Josephson effect in two-band superconductors

TL;DR

This paper theoretically investigates the Josephson effect in two-band superconductors, revealing complex phase-dependent current components and conditions under which the current-phase relationship deviates from sinusoidal behavior due to time-reversal symmetry breaking.

Contribution

It introduces a detailed theoretical model for Josephson currents in two-band superconductors considering band hybridization and phase differences, highlighting novel current components.

Findings

Josephson current has three components depending on phase differences.

Band hybridization generates a new component of the Josephson current.
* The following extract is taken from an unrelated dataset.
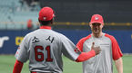 [OSEN=고척, 이동해 기자] 5일 오후 서울 고척스카이돔에서 열릴 예정인 ’2019 신한은행 마이카 KBO리그' 키움 히어로즈와 SK 와이번스의 경기에 앞서 그라운드 훈련이 진행됐다.한국으로 돌아와 SK로 이적한 소사가 로맥과 인사

Time-reversal symmetry breaking can cause non-sinusoidal current-phase relations.

Abstract

We study theoretically the Josephson effect between two time-reversal two-band superconductors, where we assume the equal-time spin-singlet $s$-wave pair potential in each conduction band. %as well as the band asymmetry and the band hybridization in the normal state. The superconducting phase at the first band $\varphi_1$ and that at the second band $\varphi_2$ characterize a two-band superconducting state. We consider a Josephson junction where an insulating barrier separates two such two-band superconductors. By applying the tunnel Hamiltonian description, the Josephson current is calculated in terms of the anomalous Green's function on either side of the junction. We find that the Josephson current consists of three components which depend on three types of phase differences across the junction: the phase difference at the first band $\delta\varphi_1$, the phase difference at the second band $\delta\varphi_2$, and the difference at the center-of-mass phase $\delta(\varphi_1+\varphi_2)/2$. A Cooper pairs generated by the band hybridization carries the last current component. In some cases, the current-phase relationship deviates from the sinusoidal function as a result of time-reversal symmetry breaking down.